Exactly the lines from the one containing "巨大な台場クヌギが2本ある。 2本とも樹液は出ているがコクワだけ。 こんな巨大な木なのに・・・" through the one containing "- The doi rice, a" in the listing below are to be copied, with the pictures left out.

» Information shown:
━━━

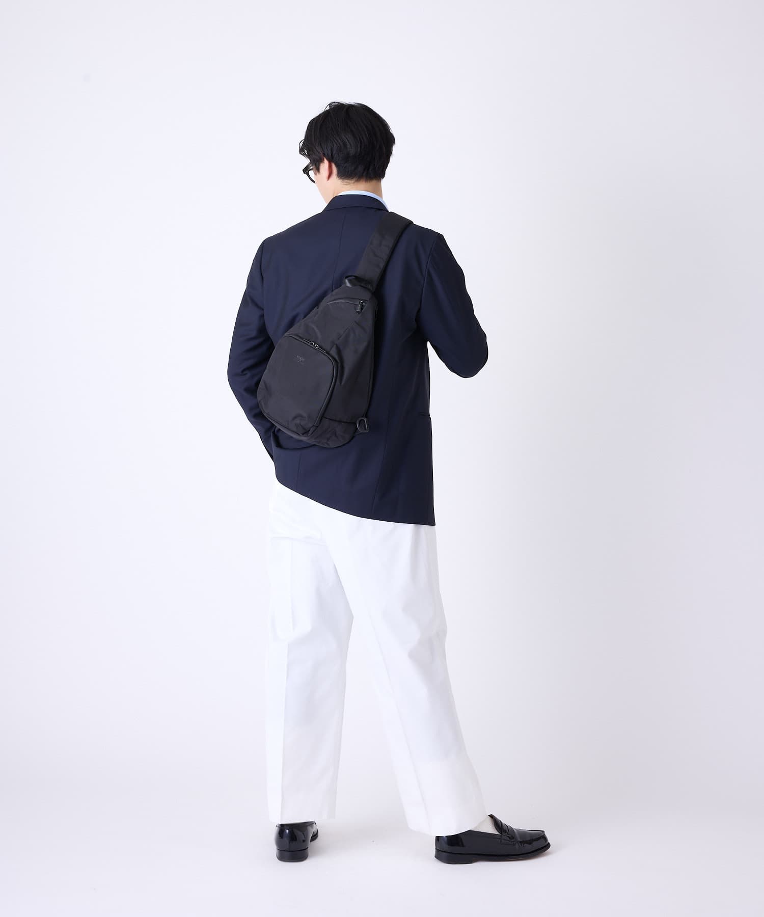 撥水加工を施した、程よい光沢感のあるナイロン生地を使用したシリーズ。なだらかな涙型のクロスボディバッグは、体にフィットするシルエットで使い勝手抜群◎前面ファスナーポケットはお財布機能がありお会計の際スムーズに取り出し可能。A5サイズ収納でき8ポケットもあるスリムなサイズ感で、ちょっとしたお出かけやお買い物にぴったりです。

━━━

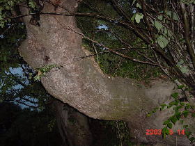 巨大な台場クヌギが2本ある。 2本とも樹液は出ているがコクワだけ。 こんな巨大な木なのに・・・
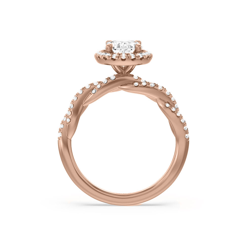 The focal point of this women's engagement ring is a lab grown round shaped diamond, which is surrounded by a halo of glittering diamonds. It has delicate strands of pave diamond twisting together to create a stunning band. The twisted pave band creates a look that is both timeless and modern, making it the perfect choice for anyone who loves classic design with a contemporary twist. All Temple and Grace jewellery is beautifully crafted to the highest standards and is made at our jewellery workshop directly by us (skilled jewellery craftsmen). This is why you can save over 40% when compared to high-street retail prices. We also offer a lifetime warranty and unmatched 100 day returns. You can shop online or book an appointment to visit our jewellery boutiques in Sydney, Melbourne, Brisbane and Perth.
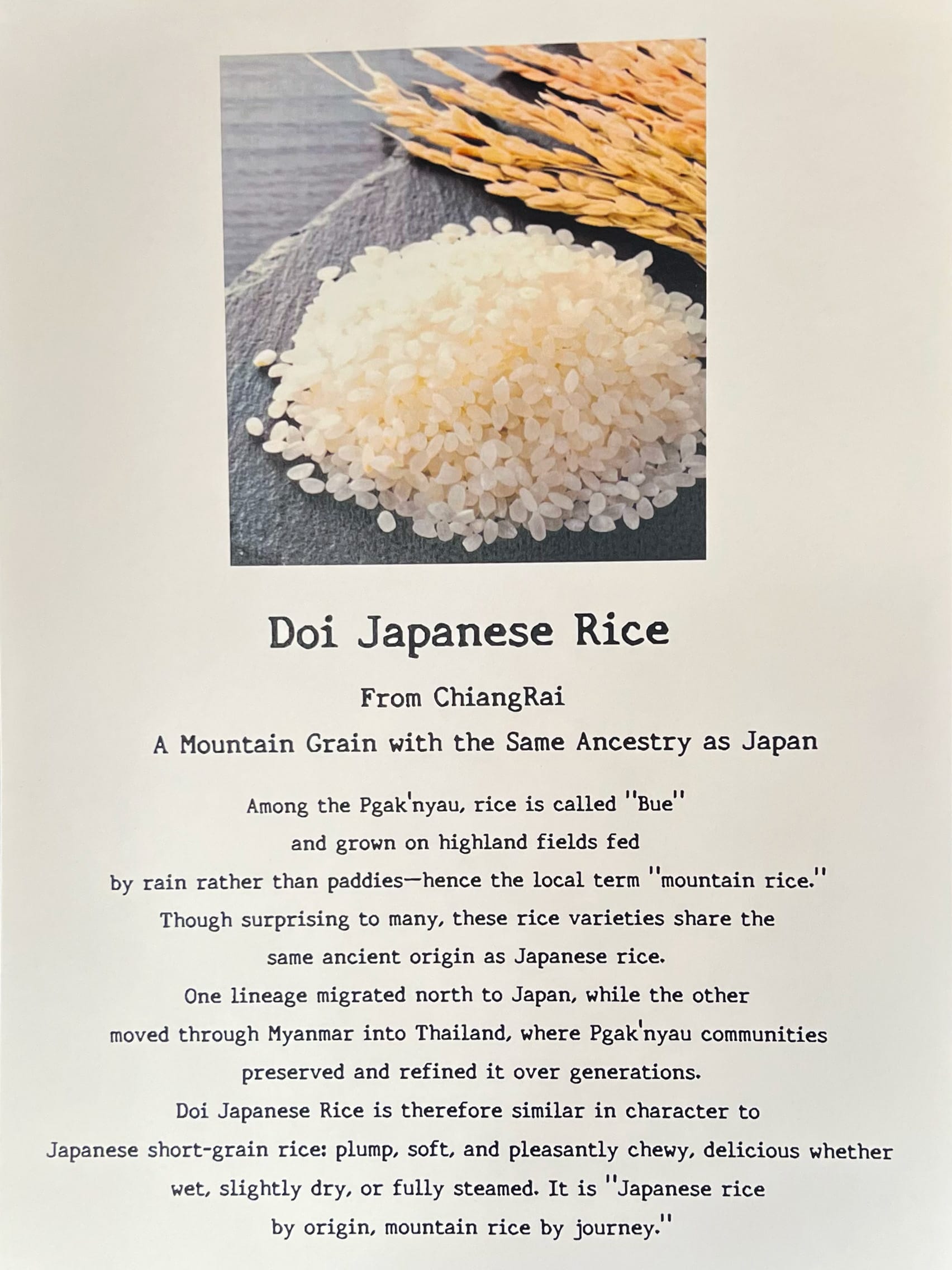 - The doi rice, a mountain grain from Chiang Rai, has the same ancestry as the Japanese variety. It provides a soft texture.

━━━

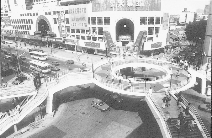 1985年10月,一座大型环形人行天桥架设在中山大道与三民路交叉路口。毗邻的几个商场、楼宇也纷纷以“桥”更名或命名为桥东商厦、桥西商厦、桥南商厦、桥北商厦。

━━━

» Exercise response:
 巨大な台場クヌギが2本ある。 2本とも樹液は出ているがコクワだけ。 こんな巨大な木なのに・・・
 The focal point of this women's engagement ring is a lab grown round shaped diamond, which is surrounded by a halo of glittering diamonds. It has delicate strands of pave diamond twisting together to create a stunning band. The twisted pave band creates a look that is both timeless and modern, making it the perfect choice for anyone who loves classic design with a contemporary twist. All Temple and Grace jewellery is beautifully crafted to the highest standards and is made at our jewellery workshop directly by us (skilled jewellery craftsmen). This is why you can save over 40% when compared to high-street retail prices. We also offer a lifetime warranty and unmatched 100 day returns. You can shop online or book an appointment to visit our jewellery boutiques in Sydney, Melbourne, Brisbane and Perth.
 - The doi rice, a mountain grain from Chiang Rai, has the same ancestry as the Japanese variety. It provides a soft texture.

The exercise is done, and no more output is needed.